» What this task involves
Please reproduce the listing verbatim, without its images.

» Supplied information
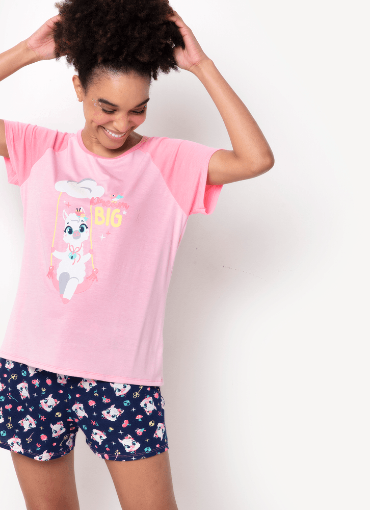 Pijama Manga Curta Feminino Viscolycra Lhama Secret
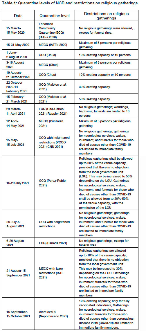 Table 1 shows the level of restrictions on religious gatherings in the NCR from the start of the pandemic until the date when the survey began to be conducted (12-31 October 2021).
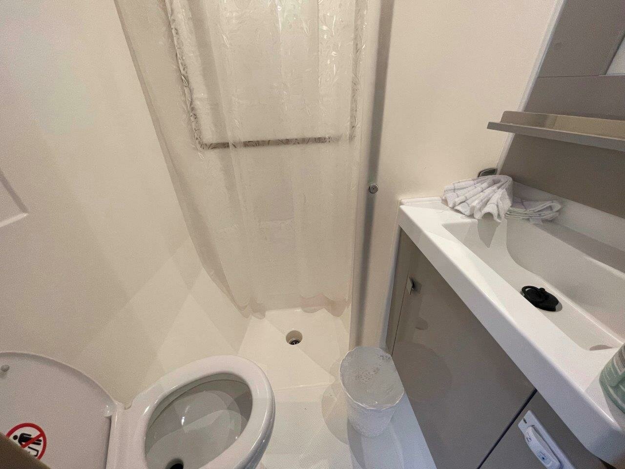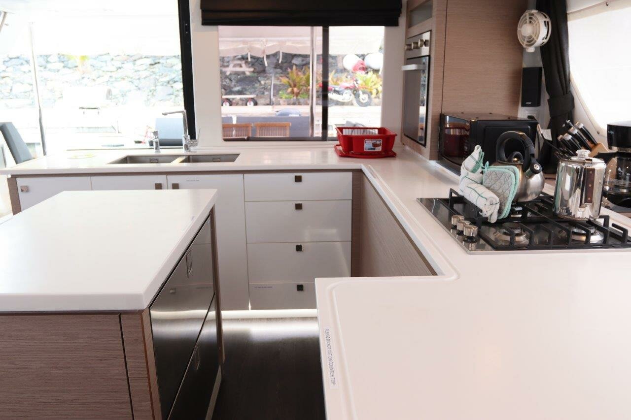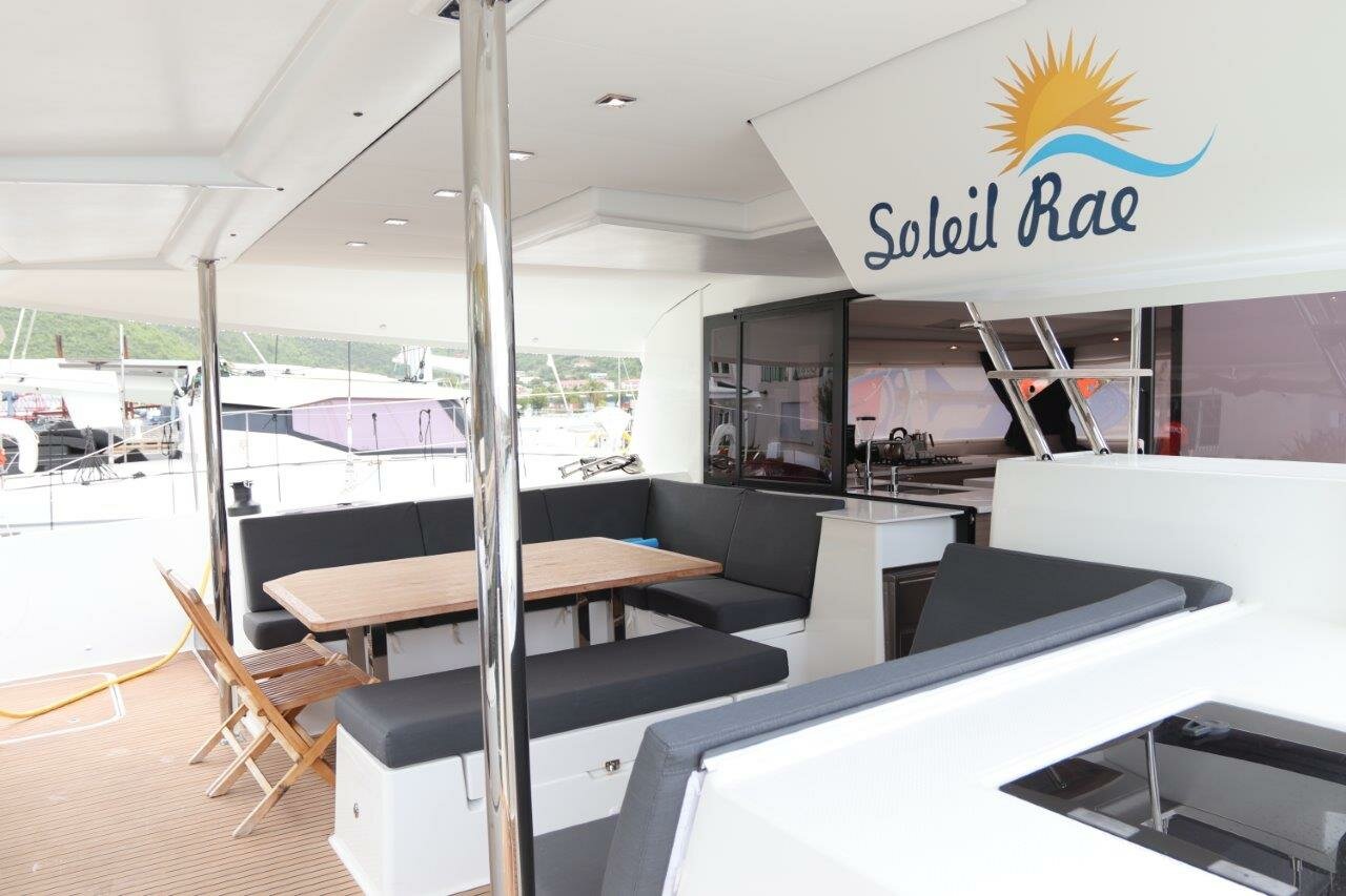 | Outside | Biminitop, Cockpitkühlschrank, Cockpitpolster, Davits, Deckpolster, elektr. Ankerwinsch, elektr. Winsch, Grill, Solaranlage, Sonnendeck, Teak im Cockpit, Unterwasserbeleuchtung |
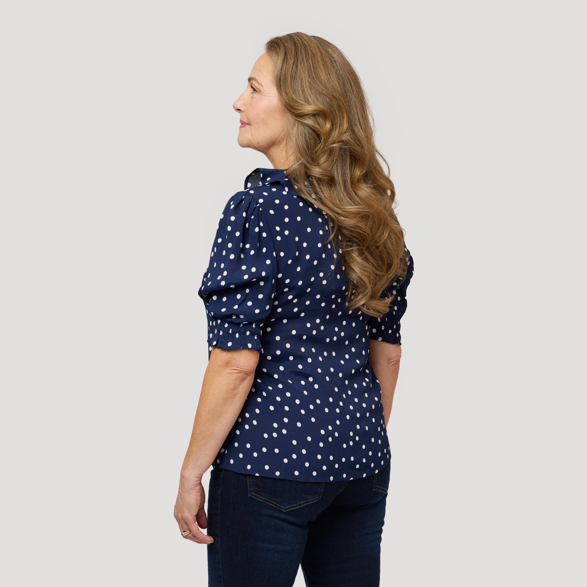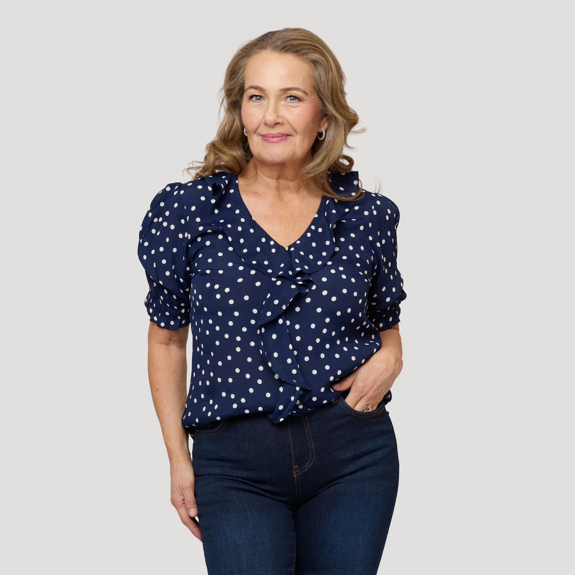 Prickig V-ringad blus med mörkblå botten och en förvillande volang runt halsringning och framtill. Den kvinnliga blusen har en puffärm med resår och volang i ärmslut. Vår modell Yvonne är 170 cm och har storlek S på sig.
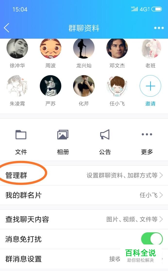 进去后,找到“管理群”选项,此选项只有当你是该群的管理员或者群主的时候才会出现。
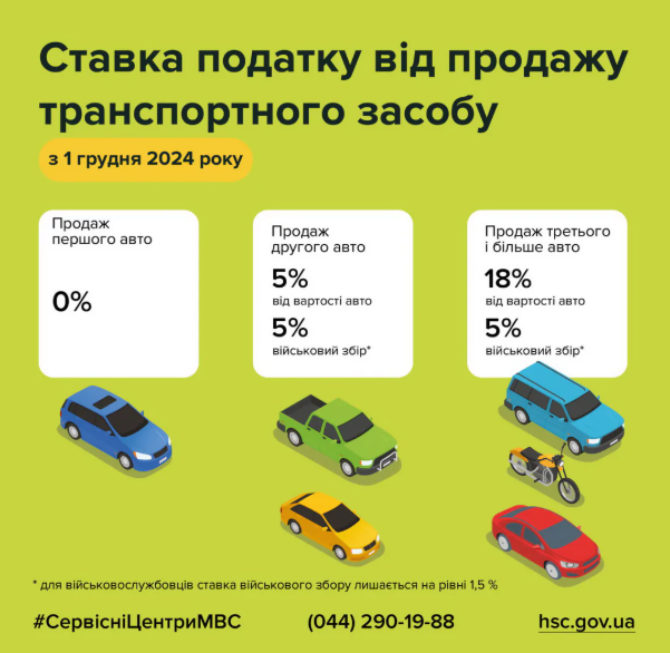 У відомстві зазначили, що із комерційним транспортом ситуація інша. Так, при продажі першого та другого автобуса, вантажівки, причепа, трактора, спецтехніки та іншого рухомого майна стягується податок у 5% та військовий збір 5% від оціночної вартості навіть на першу операцію у році. А ось при продажі третього та наступного такого авто стягується податок у розмірі 18% та військовий збір 5%. Для військовослужбовців ставка збору залишається на рівні 1,5%.

» Task output
 Pijama Manga Curta Feminino Viscolycra Lhama Secret
 Table 1 shows the level of restrictions on religious gatherings in the NCR from the start of the pandemic until the date when the survey began to be conducted (12-31 October 2021).
 | Outside | Biminitop, Cockpitkühlschrank, Cockpitpolster, Davits, Deckpolster, elektr. Ankerwinsch, elektr. Winsch, Grill, Solaranlage, Sonnendeck, Teak im Cockpit, Unterwasserbeleuchtung |
 Prickig V-ringad blus med mörkblå botten och en förvillande volang runt halsringning och framtill. Den kvinnliga blusen har en puffärm med resår och volang i ärmslut. Vår modell Yvonne är 170 cm och har storlek S på sig.
 进去后,找到“管理群”选项,此选项只有当你是该群的管理员或者群主的时候才会出现。
 У відомстві зазначили, що із комерційним транспортом ситуація інша. Так, при продажі першого та другого автобуса, вантажівки, причепа, трактора, спецтехніки та іншого рухомого майна стягується податок у 5% та військовий збір 5% від оціночної вартості навіть на першу операцію у році. А ось при продажі третього та наступного такого авто стягується податок у розмірі 18% та військовий збір 5%. Для військовослужбовців ставка збору залишається на рівні 1,5%.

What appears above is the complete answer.